WATT: Weight Average Test Time Adaptation of CLIP
摘要
评审与讨论
The authors introduce a Test-Time Adaptation technique named Weight Average Test-Time Adaptation (WATT) for Vision-Language Models (VLMs) such as CLIP. WATT is the proposed method that improves test-time adaptation by borrowing ideas from different text prompt templates to develop pseudo-labels for model updates and also carrying out weight averaging so as to consolidate learned information from those generated labels. The approach is tested across different datasets, revealing its capacity to boost performance without any further metamorphosis of the model or additional trainable modules.
优点
- The novelty of the study is that it proposes a novel test-time approach. It involves averaging weights while using varying text prompts which deviates from the conventional TTA techniques— making it a high-quality extension to existing TTA methods.

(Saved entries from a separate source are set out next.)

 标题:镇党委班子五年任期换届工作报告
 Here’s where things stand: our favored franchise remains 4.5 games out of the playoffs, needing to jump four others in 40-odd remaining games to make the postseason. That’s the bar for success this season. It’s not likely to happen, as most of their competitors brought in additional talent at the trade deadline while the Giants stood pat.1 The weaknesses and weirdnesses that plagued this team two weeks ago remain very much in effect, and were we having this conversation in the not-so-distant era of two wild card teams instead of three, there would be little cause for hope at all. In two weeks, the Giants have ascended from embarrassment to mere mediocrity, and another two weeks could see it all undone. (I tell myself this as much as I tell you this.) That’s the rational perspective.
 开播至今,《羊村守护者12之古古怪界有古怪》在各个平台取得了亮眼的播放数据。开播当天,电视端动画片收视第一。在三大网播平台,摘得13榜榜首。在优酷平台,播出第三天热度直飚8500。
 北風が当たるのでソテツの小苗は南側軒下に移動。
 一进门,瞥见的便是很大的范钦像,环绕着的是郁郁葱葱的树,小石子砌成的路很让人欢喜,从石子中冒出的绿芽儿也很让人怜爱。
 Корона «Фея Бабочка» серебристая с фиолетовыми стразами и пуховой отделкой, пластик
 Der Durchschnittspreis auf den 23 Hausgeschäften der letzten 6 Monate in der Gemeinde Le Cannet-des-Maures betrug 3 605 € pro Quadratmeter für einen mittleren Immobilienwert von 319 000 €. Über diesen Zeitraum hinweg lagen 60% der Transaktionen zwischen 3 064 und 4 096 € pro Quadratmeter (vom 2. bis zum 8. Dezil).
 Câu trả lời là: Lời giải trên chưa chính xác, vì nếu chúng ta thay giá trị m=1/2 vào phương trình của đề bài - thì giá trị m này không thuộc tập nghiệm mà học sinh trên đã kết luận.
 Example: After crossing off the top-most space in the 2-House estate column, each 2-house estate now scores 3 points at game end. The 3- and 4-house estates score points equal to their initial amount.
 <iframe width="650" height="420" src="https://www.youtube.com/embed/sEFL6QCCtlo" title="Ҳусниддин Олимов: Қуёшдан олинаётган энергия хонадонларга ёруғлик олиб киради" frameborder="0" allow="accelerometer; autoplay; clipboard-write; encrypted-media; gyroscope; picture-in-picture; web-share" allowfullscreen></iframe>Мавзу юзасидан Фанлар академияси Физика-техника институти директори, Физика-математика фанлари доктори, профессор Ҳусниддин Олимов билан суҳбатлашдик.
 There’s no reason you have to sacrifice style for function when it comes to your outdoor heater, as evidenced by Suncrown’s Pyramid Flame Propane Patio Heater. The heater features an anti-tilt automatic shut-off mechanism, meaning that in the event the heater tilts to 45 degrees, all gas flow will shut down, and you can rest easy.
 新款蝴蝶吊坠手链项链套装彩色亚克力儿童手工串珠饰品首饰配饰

- It ensures quality by using rigorous experimental setup: involving thorough evaluations on various datasets, with good performance demonstrated by improvements over the current leading techniques.
- It maintains clarity in its presentation: both of methodology and results. This has been made possible by visual aids and detailed elaborations that ensure better understanding, thus though we still need to work more on this document to achieve perfection.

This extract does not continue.